(Beginning of EXERCISE INPUT)

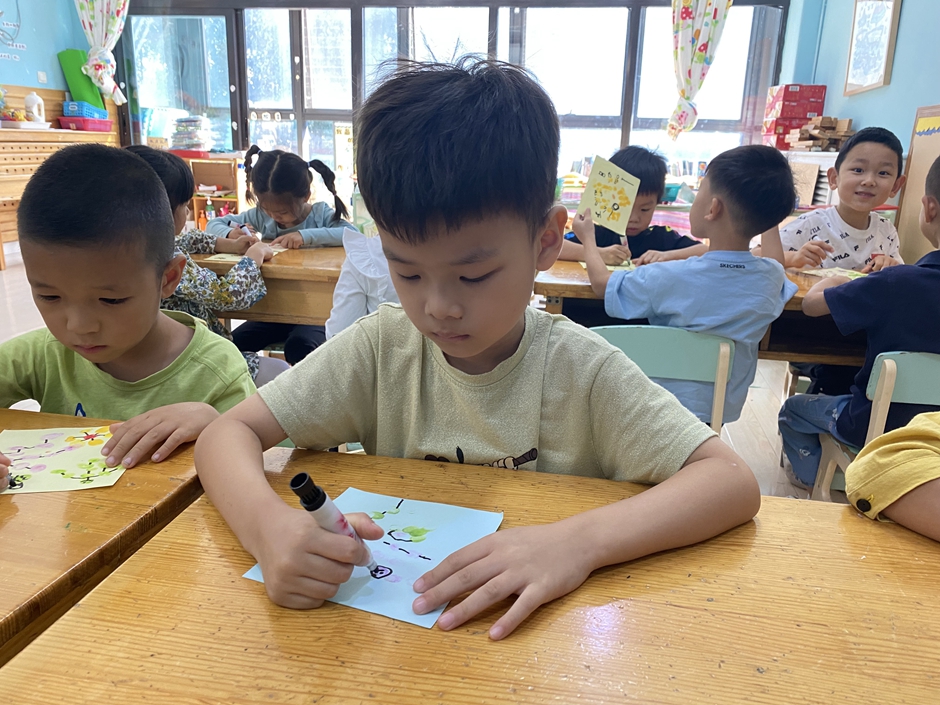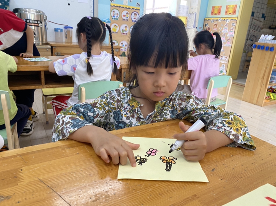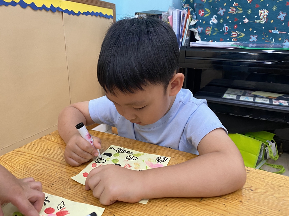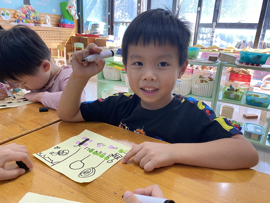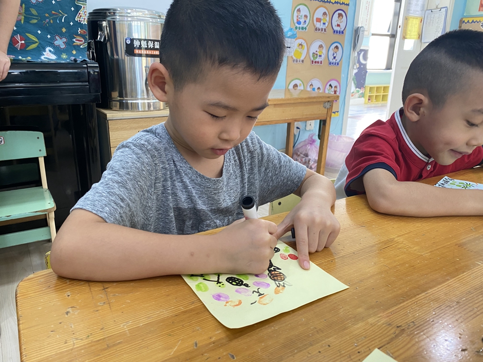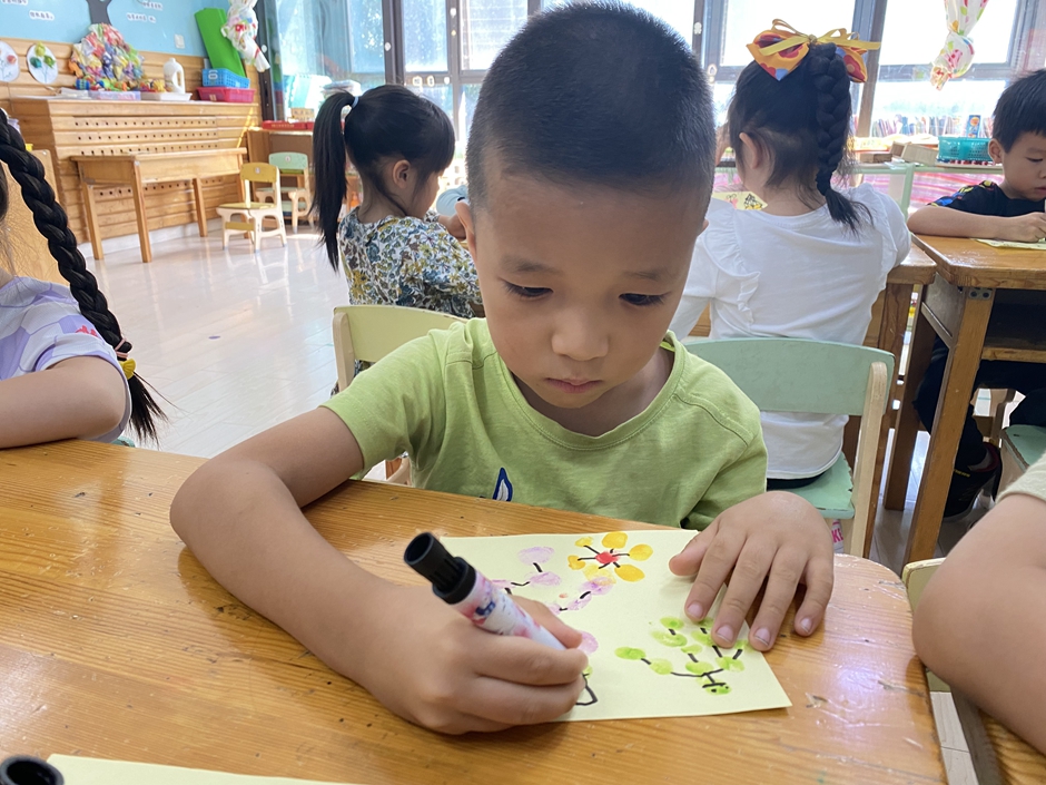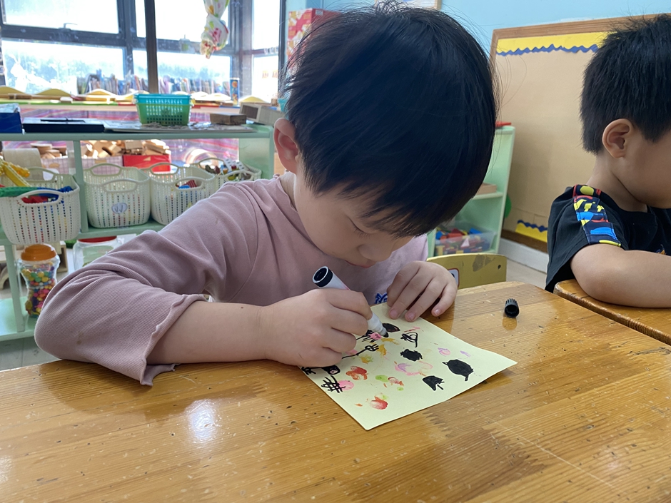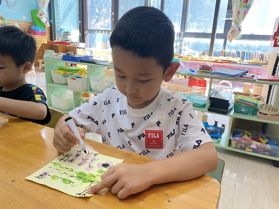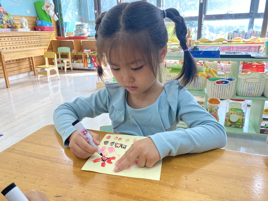我们今天用手指来作画,我们的手指印可以变成蝴蝶、小花、孔雀还有各种有趣的事物
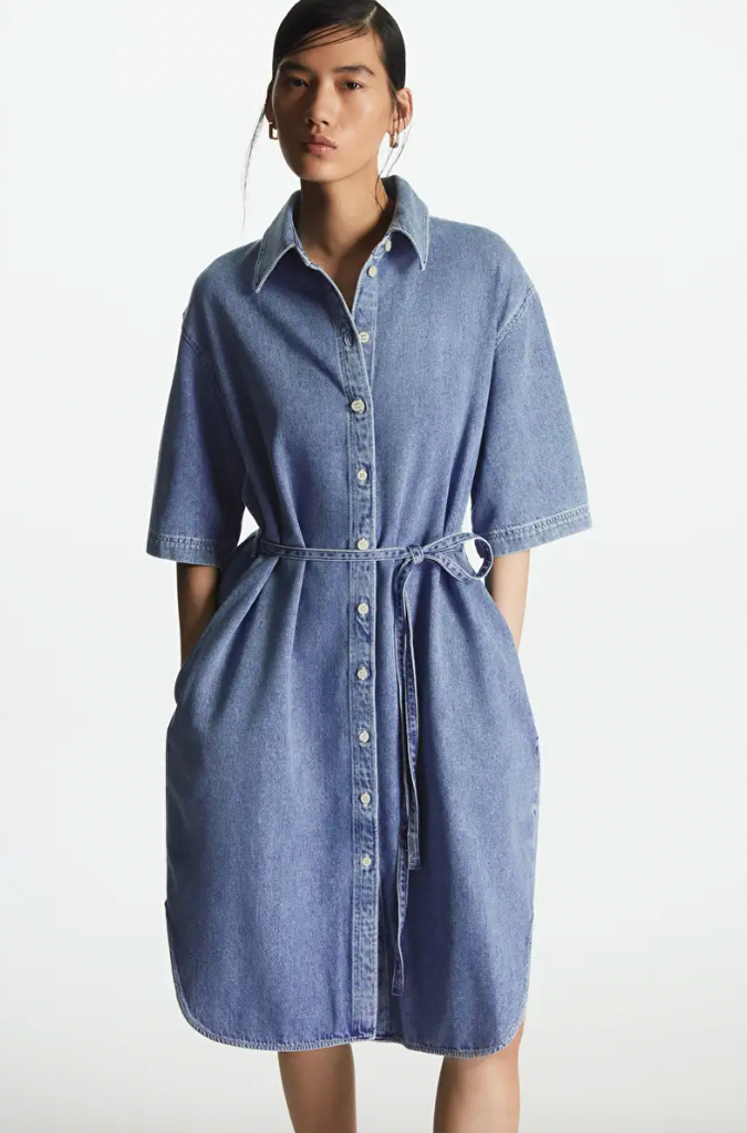 Nothing’s more casual or cool than classic blue denim. For a stiffer, thicker, more structured feel, opt for a dress made of the standard indigo you’re used to. But on supremely hot days, chambray is the sister version you’ll want to opt for instead — chambray dresses are more lightweight, softer, and have a smoother finish.
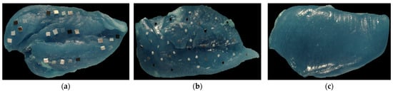 Utilizing the SWIR HSI system, each fillet was imaged under two conditions: clean without FMs first and contaminated with FMs for later imaging. The contamination involved 30 distinct types of FMs commonly found in poultry processing environments, such as polymers, metals, and wood, detailed in the prior work [10,12]. The target sizes of FMs were approximately 2 × 2 mm (small) and 5 × 5 mm (large). Each fillet for imaging was placed on a blue food-grade polyurethane conveyor belt background. In total, 48 SWIR hyperspectral images were collected: 24 clean and 24 contaminated (12 with each size of FM). These SWIR hyperspectral images (1000–2500 nm) were subsequently transformed into NIR hyperspectral images with 95 spectral bands from 1000 to 1700 nm. Figure 1 shows three exemplar RGB pseudo-color images derived from clean and contaminated NIR hyperspectral images utilized in this study.
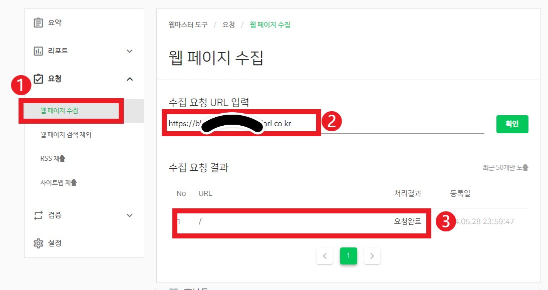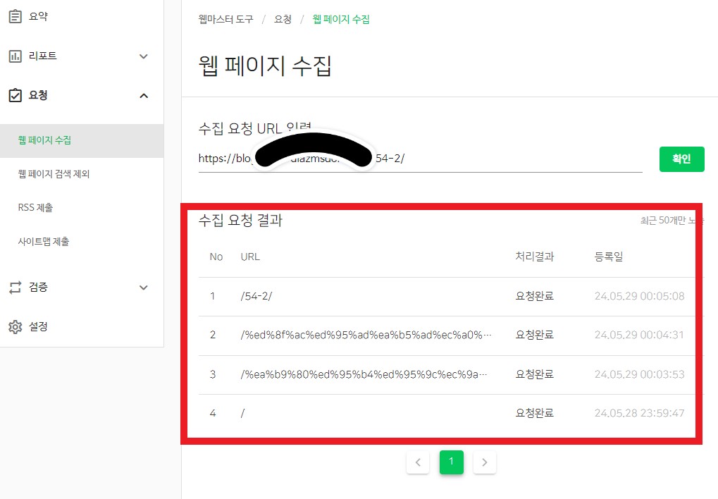 - 웹페이지 수집에 그날 포스팅한 글 주소를 복사해서 붙여주고 확인을 눌러줍니다
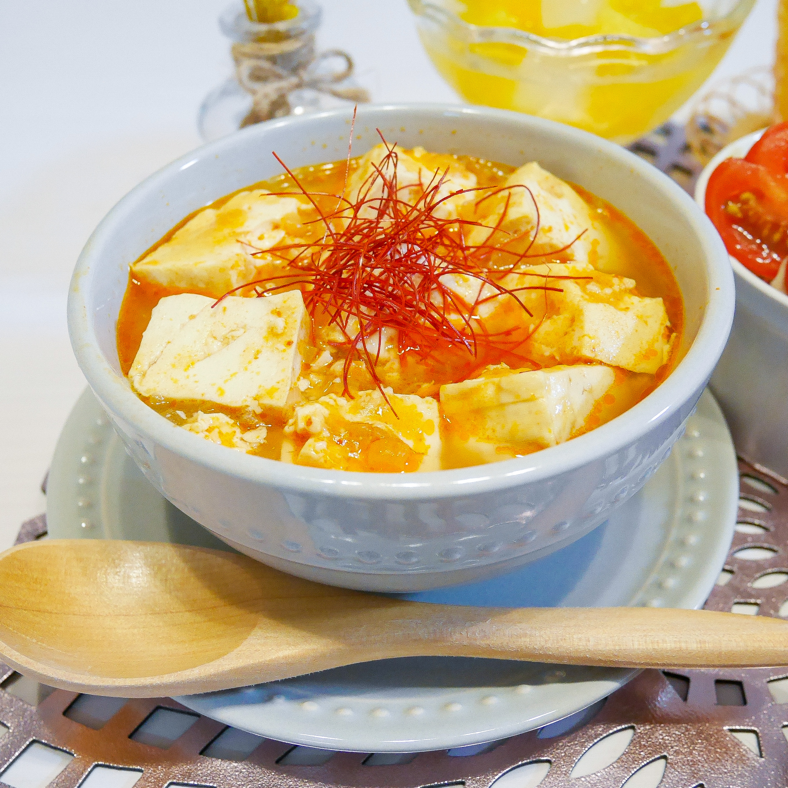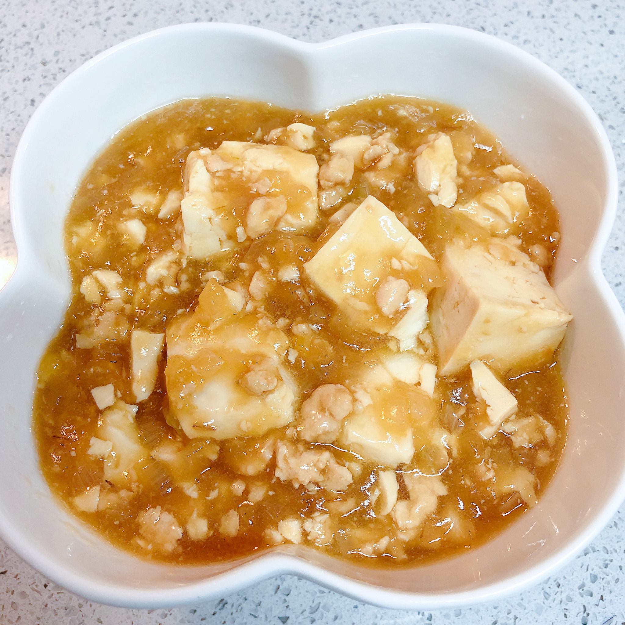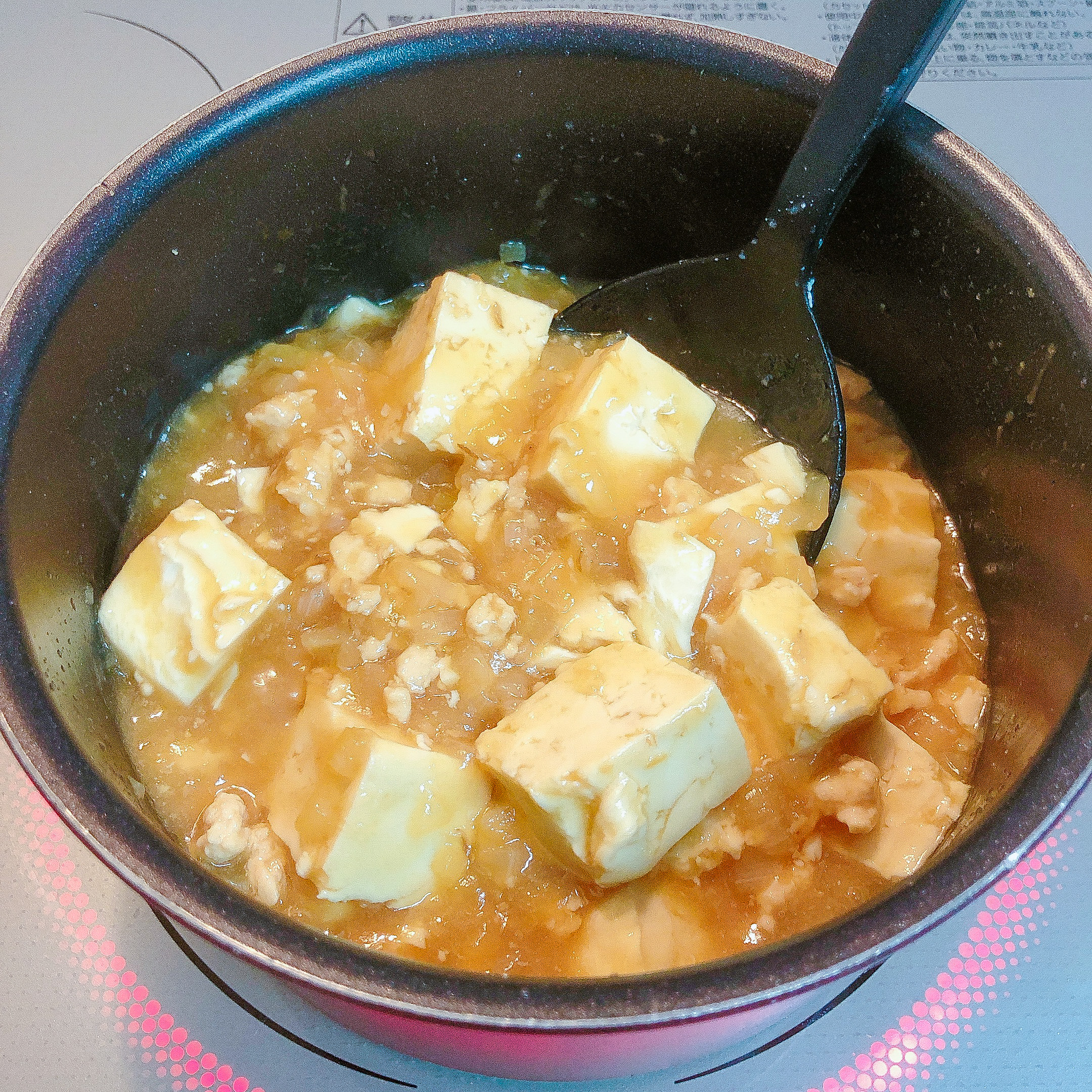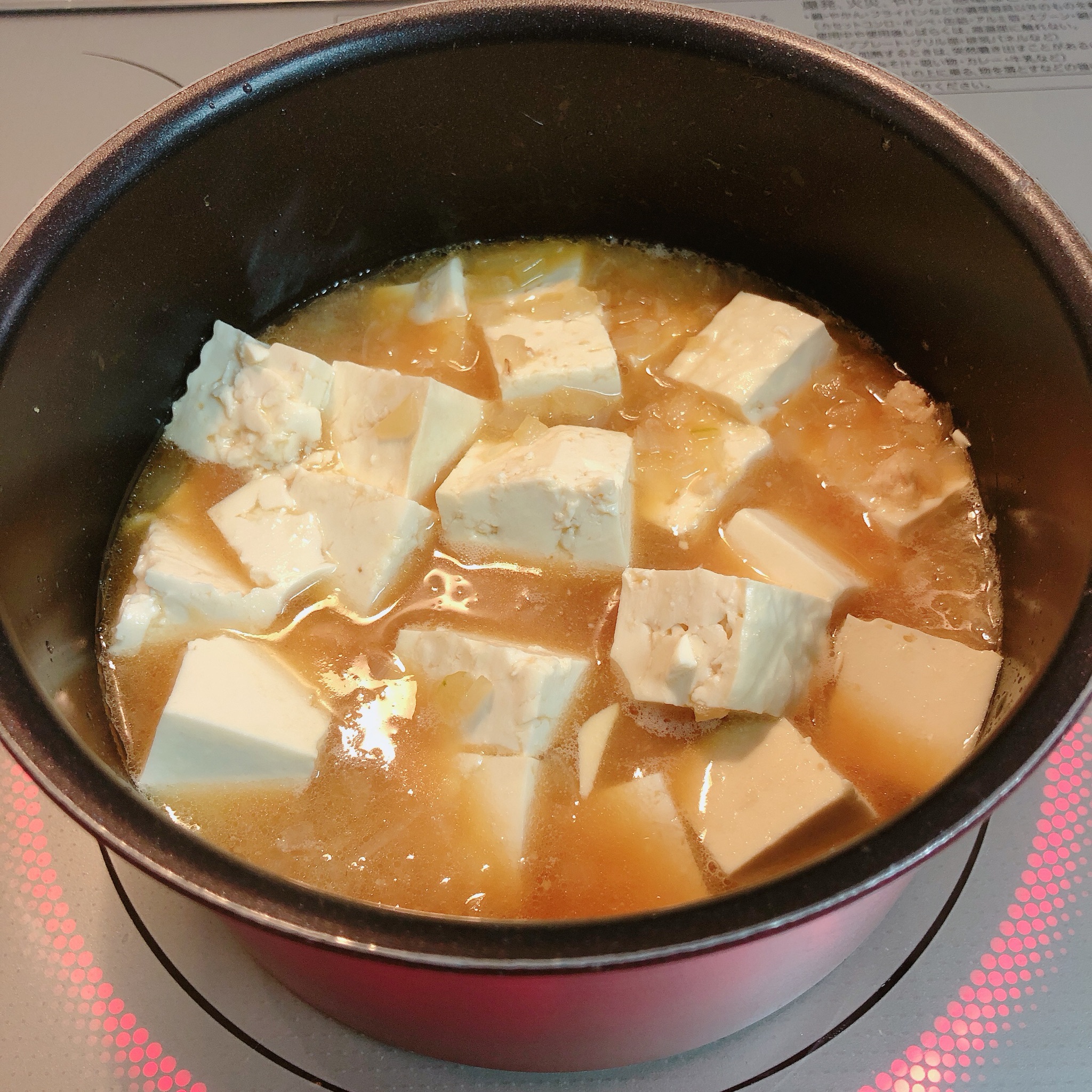 ①豆腐は大きめの角切りに、玉ねぎはみじん切りにする。

(End of EXERCISE INPUT)

__DIRECTIONS__: The lines to copy begin with the one containing "- 웹페이지 수집에 그날 포스팅한 글 주소를 복사해서 붙여주고 확인을 눌러줍니다" and end with the last line of the entries above; copy them exactly, minus the pictures.

__REPLY__:
 - 웹페이지 수집에 그날 포스팅한 글 주소를 복사해서 붙여주고 확인을 눌러줍니다
 ①豆腐は大きめの角切りに、玉ねぎはみじん切りにする。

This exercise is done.